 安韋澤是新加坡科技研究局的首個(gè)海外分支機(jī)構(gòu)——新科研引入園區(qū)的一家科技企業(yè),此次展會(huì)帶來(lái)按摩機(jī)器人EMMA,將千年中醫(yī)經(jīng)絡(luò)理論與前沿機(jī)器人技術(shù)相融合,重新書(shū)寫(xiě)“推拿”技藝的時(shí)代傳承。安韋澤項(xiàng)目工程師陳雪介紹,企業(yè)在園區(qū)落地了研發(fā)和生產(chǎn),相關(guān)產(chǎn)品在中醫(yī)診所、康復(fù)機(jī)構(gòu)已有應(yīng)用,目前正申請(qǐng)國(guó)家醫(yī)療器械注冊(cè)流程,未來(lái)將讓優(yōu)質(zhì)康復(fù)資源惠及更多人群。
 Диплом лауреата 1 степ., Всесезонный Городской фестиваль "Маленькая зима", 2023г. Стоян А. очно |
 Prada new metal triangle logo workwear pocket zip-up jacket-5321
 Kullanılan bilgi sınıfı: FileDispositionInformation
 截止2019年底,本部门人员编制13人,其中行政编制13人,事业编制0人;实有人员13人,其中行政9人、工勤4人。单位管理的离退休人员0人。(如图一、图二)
---
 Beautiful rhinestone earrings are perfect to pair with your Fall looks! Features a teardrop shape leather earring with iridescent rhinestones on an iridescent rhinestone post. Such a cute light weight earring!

■ How to complete this task
Reproduce, character for character, only the lines of the preceding data that start at the line with "安韋澤是新加坡科技研究局的首" and end at the line with "Kullanılan bilgi sınıfı: FileDispositionInformation", both included.

■ Response to this exercise
 安韋澤是新加坡科技研究局的首個(gè)海外分支機(jī)構(gòu)——新科研引入園區(qū)的一家科技企業(yè),此次展會(huì)帶來(lái)按摩機(jī)器人EMMA,將千年中醫(yī)經(jīng)絡(luò)理論與前沿機(jī)器人技術(shù)相融合,重新書(shū)寫(xiě)“推拿”技藝的時(shí)代傳承。安韋澤項(xiàng)目工程師陳雪介紹,企業(yè)在園區(qū)落地了研發(fā)和生產(chǎn),相關(guān)產(chǎn)品在中醫(yī)診所、康復(fù)機(jī)構(gòu)已有應(yīng)用,目前正申請(qǐng)國(guó)家醫(yī)療器械注冊(cè)流程,未來(lái)將讓優(yōu)質(zhì)康復(fù)資源惠及更多人群。
 Диплом лауреата 1 степ., Всесезонный Городской фестиваль "Маленькая зима", 2023г. Стоян А. очно |
 Prada new metal triangle logo workwear pocket zip-up jacket-5321
 Kullanılan bilgi sınıfı: FileDispositionInformation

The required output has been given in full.